We found that younger (i.e., 1-5 years old) dogs have the largest number of dog bites in almost all boroughs. We aim to explore the real reason of this result. Why does younger dogs have the highest number of biting people? Because a large proportion of dog owners keep younger dogs and younger ones becomes common in NYC, or because of their natural potential of being aggressive? To answer this question, we introduce our auxiliary dataset (NYC Dog Licensing Dataset), which is much larger than the dog bites dataset, to roughly estimate the population composition of breeds. This dataset could roughly reflect the composition of dogs in NYC, which is adequate for our discussion. Note that in this auxiliary dataset, each record represents a unique dog license that was active during the year, but not necessarily a unique record per dog, since a license that is renewed during the year results in a separate record of an active license period. As a result, we do not need to worry about the relationship between the age and the growth of certain dogs. We just use this dataset to reflect the “roughly” composition of dogs with different ages in NYC. We draw a paired bar chart to compare them clearly. The first bar chart shows the numbers of dog bites of dogs with different ages, while the second one shows the numbers of (licensed) dogs with different ages which roughly reflects the composition and situation of dogs in NYC. We also show the corresponding density plots to for better analysis.

As expected, a large proportion of dog owners keep younger dogs, and the shapes of plots that denote dog bite numbers and dog numbers in NYC are similar. As a result, we could not directly determine the aggression of dogs with different ages.

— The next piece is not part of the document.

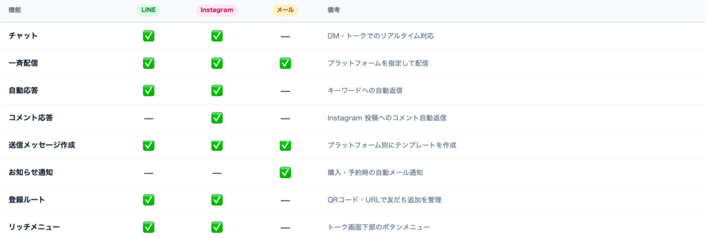 LINE のトーク画面下部に表示されるリッチメニューや、Instagram の DM 画面に表示されるメニューを作成・管理します。よく使うページへの導線をボタンで設置でき、顧客の行動を促せます。

We are also curious about the distribution of ages for different breeds of dogs that bite people, thus we draw a box plot for analysis. In many breeds, a large proportion of dogs that bite people are young. The median ages of these dogs biting people are around 3-4 years in all breeds. Some breeds have outliers with a wide range. For example, Pit Bull even contains dog bite events in which the dogs are around 17.5 years old. The fluctuation degree of ages of dogs biting people in some breeds, e.g., American Pit Bull Mix / Pit Bull Mix, is relatively small.

5.6 Summary

In this part, we analyze the relationships between dog bites and breeds, boroughs, time, genders, spayed/neutered status, and ages. For breeds, we found that the breed with the highest proportion of biting people is “Pit Bull” and “UNKNOWN” comes second. With the auxiliary dataset, we speculate that “Pit Bull” has the great natural potential of being aggressive. For boroughs, we found that “Queens” has the largest number of dog bites, and “Manhattan” and “Brooklyn” come second or third. We speculate that the management or related policies are not adequate in Queens and it is more at risk of being bitten by dogs there. For time, we discovered that the higher the temperature, the more dog bites. For genders and spayed/neutered status, dogs of unknown gender have the largest proportion of biting people and spayed/neutered status will not influence the number of dog bites a lot for male dogs and female dogs. We speculate that male dogs may have greater natural potential of being aggressive than female dogs. For ages, younger (i.e., 1-5 years old) dogs have the largest number of dog bites.